Britain wants to win back control of labour flows and lawmaking, while landing a new free trade pact with the bloc by March 2019. The EU wants the UK to first pay off a £50 billion bill to cover EU staff pensions and other expenses that the UK has agreed to. The UK is likely to question the amount to be paid and the EU will not allow the UK to cherry pick on deals to be negotiated now that it is out of the bloc.

The impact

The overall impact of Brexit on the UK and London and their place in the world, remains to be seen, and there are fears that London’s position as a global financial centre will be affected, among other things. But, we expect the UK to recover and regain its momentum once there is clearer direction. The UK has long been a sovereign global power, even before its membership in the EU and we believe that it will find its footing as it charts its freedom from the EU.

  • The performance of the pound. Following the invocation of Article 50, the pound dropped (albeit not too sharply as most of the impact had been factored into the sterling since the referendum) to RM5.48 but rallied back to RM5.50 as at press time. We believe there will be a rise in the currency as negotiations get under way. These few months could be the the last period during which the pound will sink further before it recovers once official negotiations are underway.
  • Window of investment opportunity. Savvy foreign investors are taking advantage of the favourable exchange rate to invest in the UK. They are seeing the opportunity that Brexit presents, understanding that while there might be uncertainties ahead, UK’s fundamentals are strong enough to ride out the Brexit process.

Housing crisis: residential property in demand

The UK’s housing crisis is a real one, and one that is not going to go away anytime soon. Britain needs some 300,000 houses to be built in a year to address skyrocketing prices and housing demand, yet it has consistently fallen short of the mark. With such high prices, there is now an increasing number of young renters known as Generation Rent who are unable to afford to buy their own homes. The scarcity of houses and the favourable exchange rate combines to form an opportunity for property investors in the UK.

PwC’s research into housing affordability for generation rent shows that buyers may now have to save for 19 years in order to buy their first home (assuming deposit is raised entirely from their own savings without family assistance). In 2000, the same group would have been able to buy after saving for just 6 years, and in 1990 it took only around 2 years.  PwC estimates a generation renter starting to save in 2016 can now buy in 2035. See our article: Britain, A Nation of Renters?

Conclusion

Both the EU and the UK government agree on one thing: that this is unprecedented territory and neither side knows how the talks pan out.

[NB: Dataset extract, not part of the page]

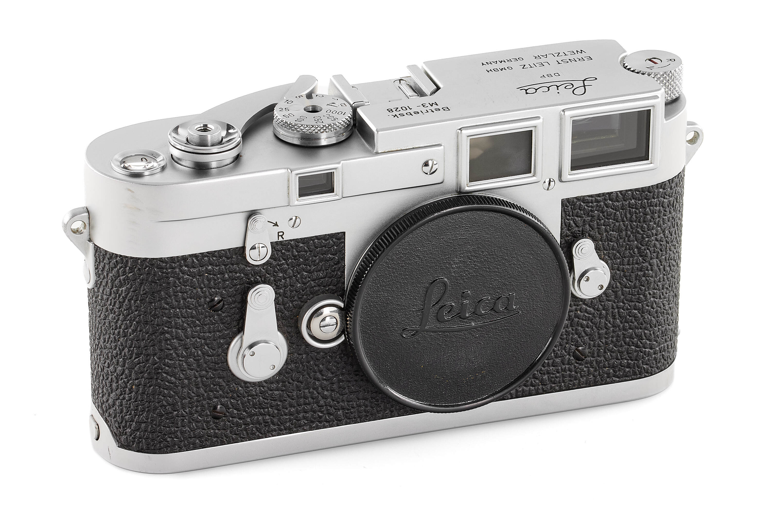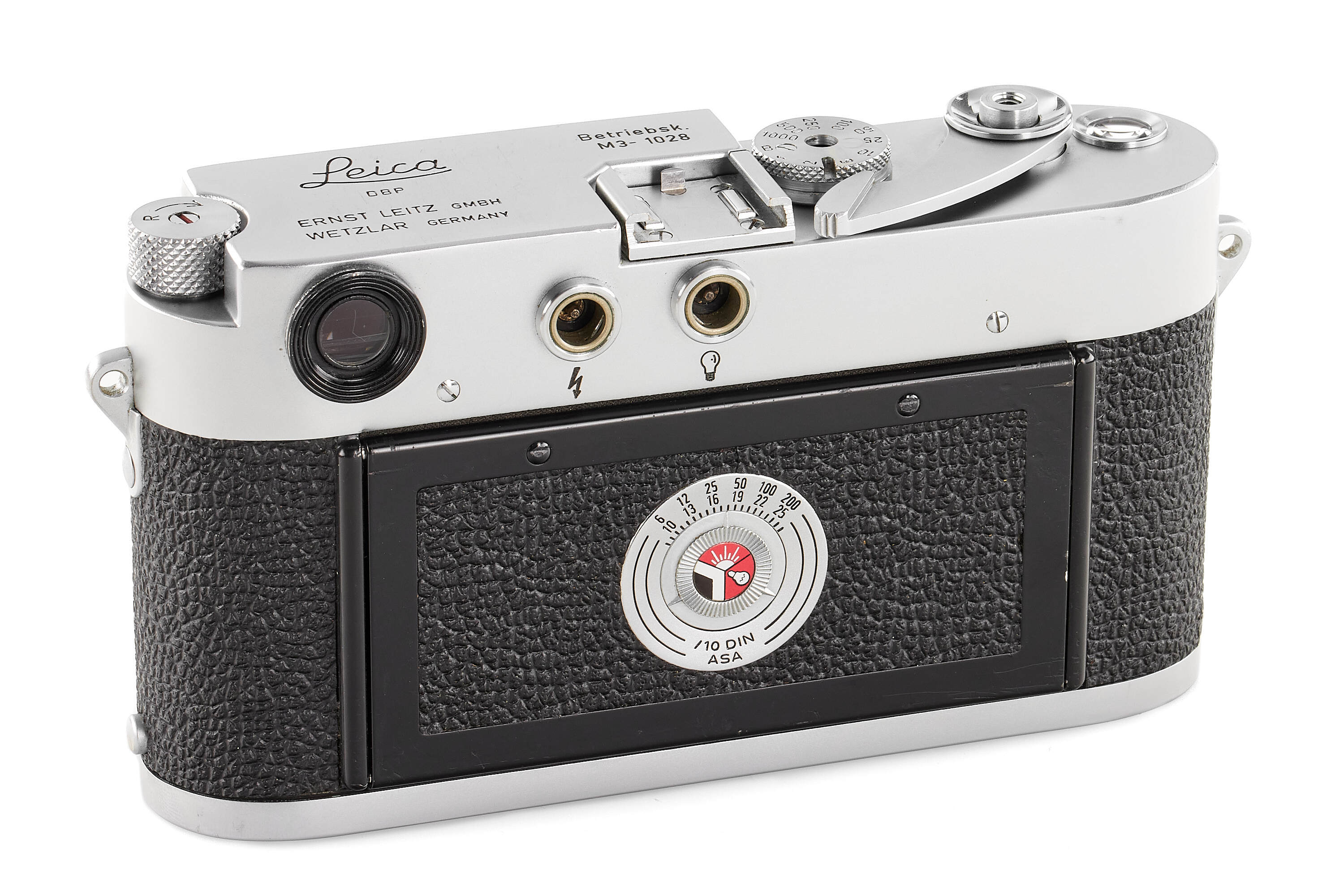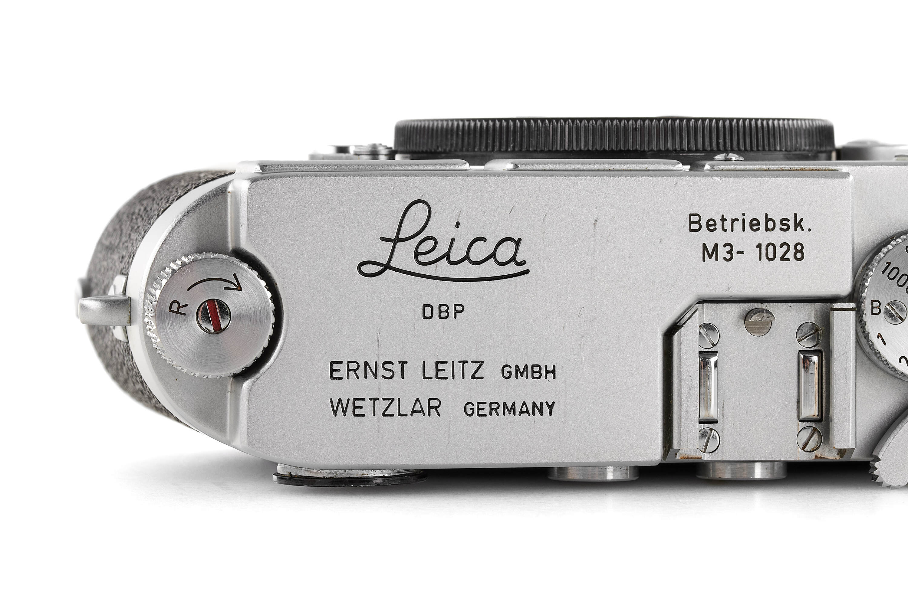 Interesting very rare and early Leica M3 Betriebskamera (for internal factory use), with some early features such as the double stroke film transport, glass press-film, memo film to 200 ISO, speed progression, etc., with frame selector, in very good condition, top plate engraved 'Betriebsk. M3 – 1028', with body cap, together with a rare sought-after DONNA Leica M3 light brown leather box, similar to the one protecting the famous and very first Leica M3 no.700000 sold at the Leitz Photographica Auction in June this year.
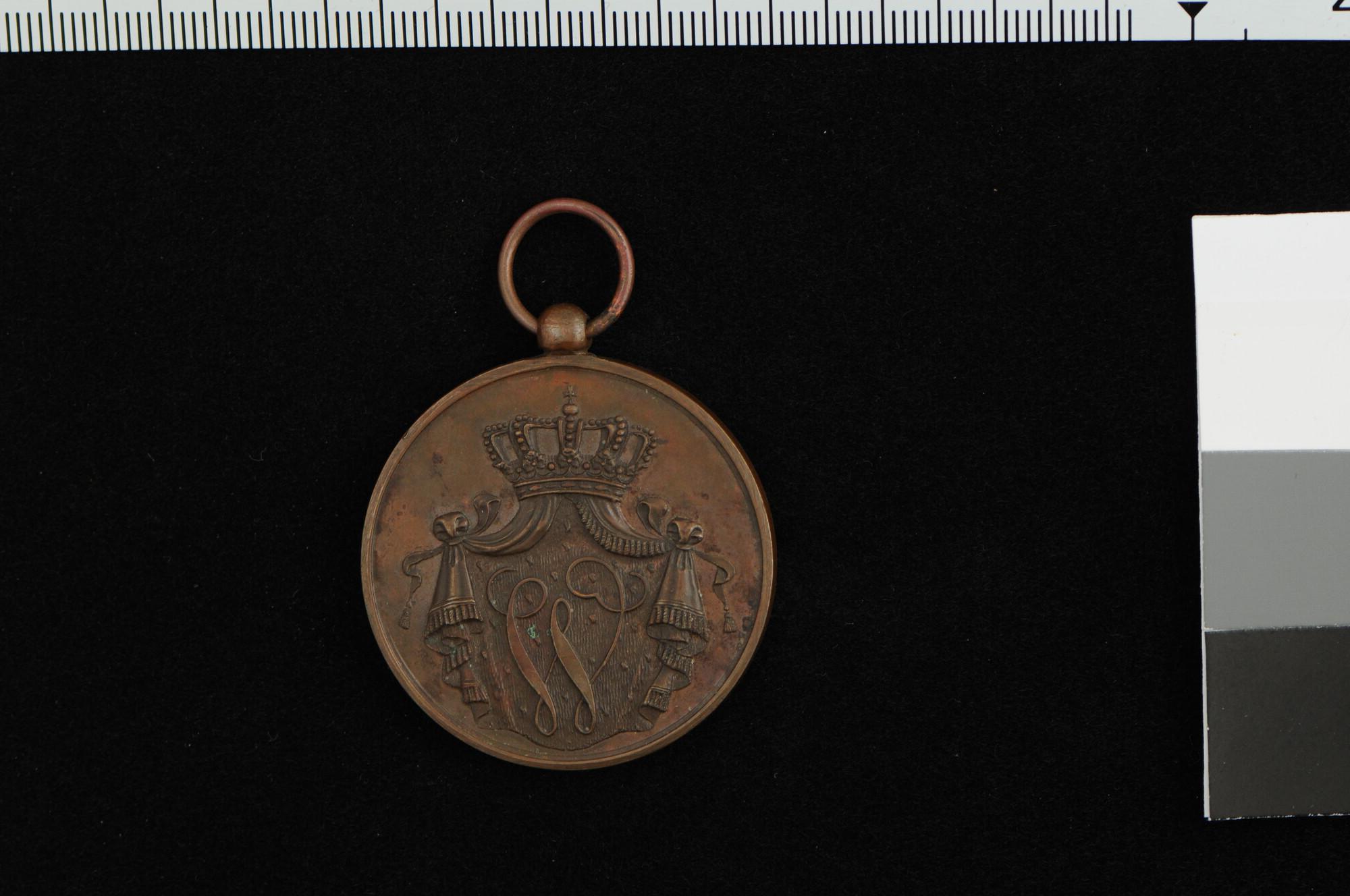 Bronzen medaille voor 12 jaar langdurige, eerlijke en trouwe dienst bij de landmacht. Ingesteld op 5 januari 1845 voor militairen, beneden de rang van officier, dienende in het Nederlandse of Nederlands-Indische leger.

British Prime Minister’s letter triggering Article 50. Image: The Telegraph UK

CSI Prop proudly promotes international investment property with high yields at low risk. Our portfolio comprises residential property in cities across the United Kingdom (London, Luton, Manchester, Liverpool, Newcastle, York, Glasgow, Scotland; Sheffield, etc); Australia (Melbourne, Perth, Brisbane) and Thailand (Bangkok). Our projects are concentrated in high-growth areas with great educational, infrastructural and job growth potentials. We aspire to make a difference in the lives of our clients by helping them achieve their investment goals through strong market research backed by third party experts. 

Disclaimer: CSI Prop does not provide tax & legal advice and accepts no liability. Readers are encouraged to consult a qualified tax or legal advisor for a thorough review.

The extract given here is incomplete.